Non, aucun de ces trois piliers n’était en bon état : la défaite de Daech en Syrie était une défaite pour la monarchie saoudienne qui l’a soutenu, pour les clercs wahhabites qui l’ont inspiré et, par conséquent, pour le pétrodollar, parce que l’Arabie saoudite était jusqu’à présent son plus grand défenseur. Les nouveaux garants de la paix dans la région sont la Russie, l’Iran et la Turquie, avec la Chine surveillant attentivement dans les coulisses. La participation américaine au projet du Moyen-Orient se limite maintenant aux appels sporadiques de Poutine à Trump, pour le tenir au courant.
Et voici ma dernière prédiction : le but de Trump de « rendre l’Amérique grande à nouveau » « ne va pas marcher » non plus.

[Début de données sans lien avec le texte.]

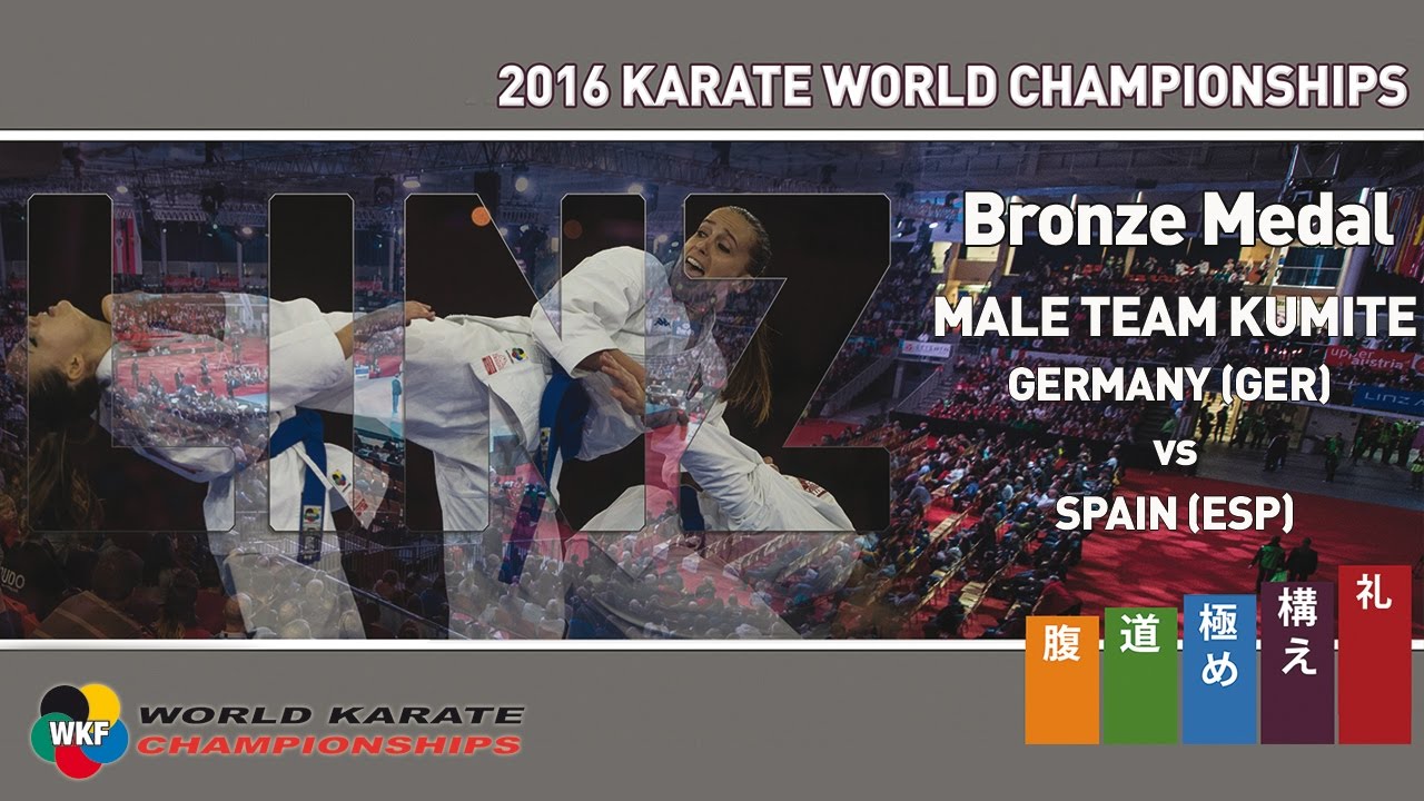 BRONZE MEDAL. (2/4) Male Team Kumite. Germany vs Spain. 2016 World Karate Championships. SUBSCRIBE ► http://bit.ly/N7c4H0 Official World Karate Federation YouTube channel for the distribution and broadcast of Karate Championships. *********************************** The World Karate Federation in Social Media: YouTube: https://www.youtube.com/user/WKFKarateWorldChamps Instagram: http://instagram.com/worldkaratefederation Twitter: https://twitter.com/wkf_tweet Facebook: https://www.facebook.com/wkfofficial Web: http://wkf.net/

Le pays s’est avancé si loin dans l’inconnu que le simple fait de faire le premier pas – laisser s’insinuer la vérité sur son véritable état à travers les filtres médiatiques – saperait tellement la confiance du public qu’un plongeon ultérieur deviendrait inévitable. C’est un slogan sympa comme les slogans le sont souvent, mais Trump est trop vieux pour être un réformateur ou un révolutionnaire. Il est d’un âge où les hommes sont généralement plus préoccupés par la quantité et la consistance de leurs selles et comment cela interagit avec leurs prostates hypertrophiées. Peut-être réussira-t-il à faire de l’Amérique un… gros tas d’excréments, mais ça non plus, il ne vont probablement pas le réussir.